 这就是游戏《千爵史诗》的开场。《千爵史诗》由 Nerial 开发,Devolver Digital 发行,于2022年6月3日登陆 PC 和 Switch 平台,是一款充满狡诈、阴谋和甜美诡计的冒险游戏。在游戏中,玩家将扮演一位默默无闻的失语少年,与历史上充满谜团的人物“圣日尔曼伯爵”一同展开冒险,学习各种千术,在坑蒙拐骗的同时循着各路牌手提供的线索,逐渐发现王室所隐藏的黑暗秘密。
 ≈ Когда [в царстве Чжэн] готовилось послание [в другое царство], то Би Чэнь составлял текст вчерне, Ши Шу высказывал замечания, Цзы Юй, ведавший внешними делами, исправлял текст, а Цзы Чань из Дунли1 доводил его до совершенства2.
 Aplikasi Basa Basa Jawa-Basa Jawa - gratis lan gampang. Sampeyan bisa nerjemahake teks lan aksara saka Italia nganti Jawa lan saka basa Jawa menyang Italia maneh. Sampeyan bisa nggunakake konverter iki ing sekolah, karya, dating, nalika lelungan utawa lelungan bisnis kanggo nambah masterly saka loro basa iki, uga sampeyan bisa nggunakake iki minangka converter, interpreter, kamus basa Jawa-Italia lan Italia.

==========

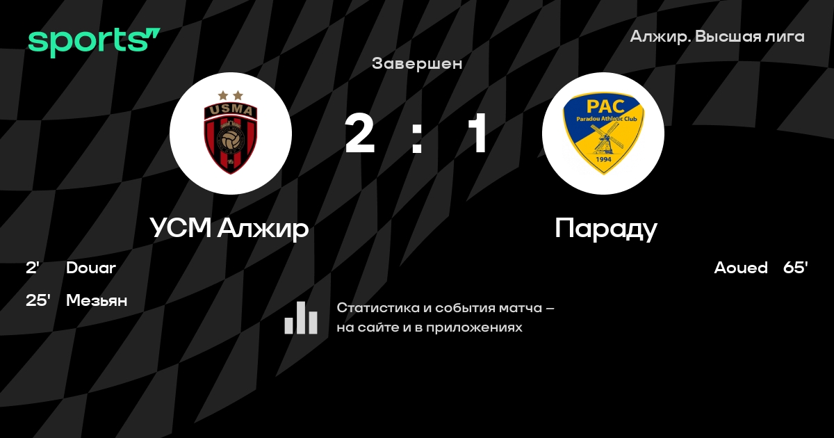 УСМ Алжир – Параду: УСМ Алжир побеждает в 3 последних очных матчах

==========

* [EXERCISE INSTRUCTIONS]:
A verbatim transcription is needed of the lines above, starting at the line with "这就是游戏《千爵史诗》的开场。《千爵史诗》由 Nerial 开发,Devolver" and ending at the line with "его до совершенства2.", both included, and of nothing else.

* [SOLUTION FOR THIS EXERCISE]:
 这就是游戏《千爵史诗》的开场。《千爵史诗》由 Nerial 开发,Devolver Digital 发行,于2022年6月3日登陆 PC 和 Switch 平台,是一款充满狡诈、阴谋和甜美诡计的冒险游戏。在游戏中,玩家将扮演一位默默无闻的失语少年,与历史上充满谜团的人物“圣日尔曼伯爵”一同展开冒险,学习各种千术,在坑蒙拐骗的同时循着各路牌手提供的线索,逐渐发现王室所隐藏的黑暗秘密。
 ≈ Когда [в царстве Чжэн] готовилось послание [в другое царство], то Би Чэнь составлял текст вчерне, Ши Шу высказывал замечания, Цзы Юй, ведавший внешними делами, исправлял текст, а Цзы Чань из Дунли1 доводил его до совершенства2.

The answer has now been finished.